- Born: Tiah Eckhardt 5 June 1985 (age 41) Perth, Western Australia
- Occupations: Model, presenter, writer
- Modeling information
- Height: 5 ft 10 in (1.78 m)
- Hair color: Red
- Eye color: Blue
- Agency: Chic Model Management Look Model Agency Heffner Management Storm Models

= Tiah Delaney =

Australian model and writer (born 1985)

Tiah Eckhardt (born 5 June 1985) is an Australian model, presenter and writer from Perth, Western Australia.

==Career==
Trained from age five in dance and theatre, Eckhardt was scouted by a model agent at age 14 and went on to appear in the Australian television series Search for a Supermodel at age 16.

She is represented by Heffner Management and Look Agency in the United States, Chic Model Management in Australia and Storm Models in Europe.

Eckhardt has appeared in publications such as Harper's Bazaar, Vogue, GQ, Oyster, Marie Claire, Cosmopolitan, Elle, Purple, Arena, AnOther Magazine, AnOther Man, Dazed & Confused, Wallpaper, Dansk, Wonderland, Stab, 10, Follow and Vanity Fair. Eckhardt has walked in multiple Australian Fashion Weeks and worked as a runway model in London, New York and Milan for designers such as Giorgio Armani, Jenny Packham, Heatherette and Bill Blass. She has appeared in international campaigns and lookbooks for the likes of Patricia Fields, John Richmond, Iceberg, MAC Cosmetics, Valentino, Cue, Wheels and Dollbaby, Sportsgirl, David Jones, Myer, Elegantly Scant, Volcom, Von Zipper, Rusty swimwear and Sunsilk haircare, as well as television commercials for Ford and Rosendorff Jewellers.

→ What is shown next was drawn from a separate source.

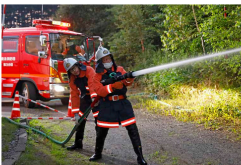
暗所での現場活動は安全管理が重要。実践的な訓練で町民の安全を守ります

Eckhardt is perhaps best known for her lingerie work, appearing in campaigns for Agent Provocateur, alongside Daisy Lowe and Catherine Bailey, and replacing world ranked no.1 model Lara Stone as the face of luxury French lingerie brand Eres in 2010. She has been the ambassador for major Australian intimates brand Berlei since 2012 and lingerie chain Honey Birdette since 2015. Eckhardt has also performed a burlesque act professionally and is trained in dance and theatre, having attended John Curtin College of The Arts in Fremantle and the National Institute of Dramatic Art in Sydney for Screenacting. In January 2009, she posed for the French edition of Playboy as their Playmate of The Month. Her acting work includes a role in the "Allison" music video for Permanent Me alongside Boyd Holbrook.

==Other work==
Eckhardt was a presenter for pop-culture website PedestrianTV, for whom she has also worked as writer. Additionally, she has written for publications such as Oyster, No Magazine, The Vine, Harper's Bazaar, Grazia, Nine MSN, PerthNow and The Sunday Times.

In 2012, she started the lingerie blog 'The Daily Knicker' where she reviews various intimate apparel brands.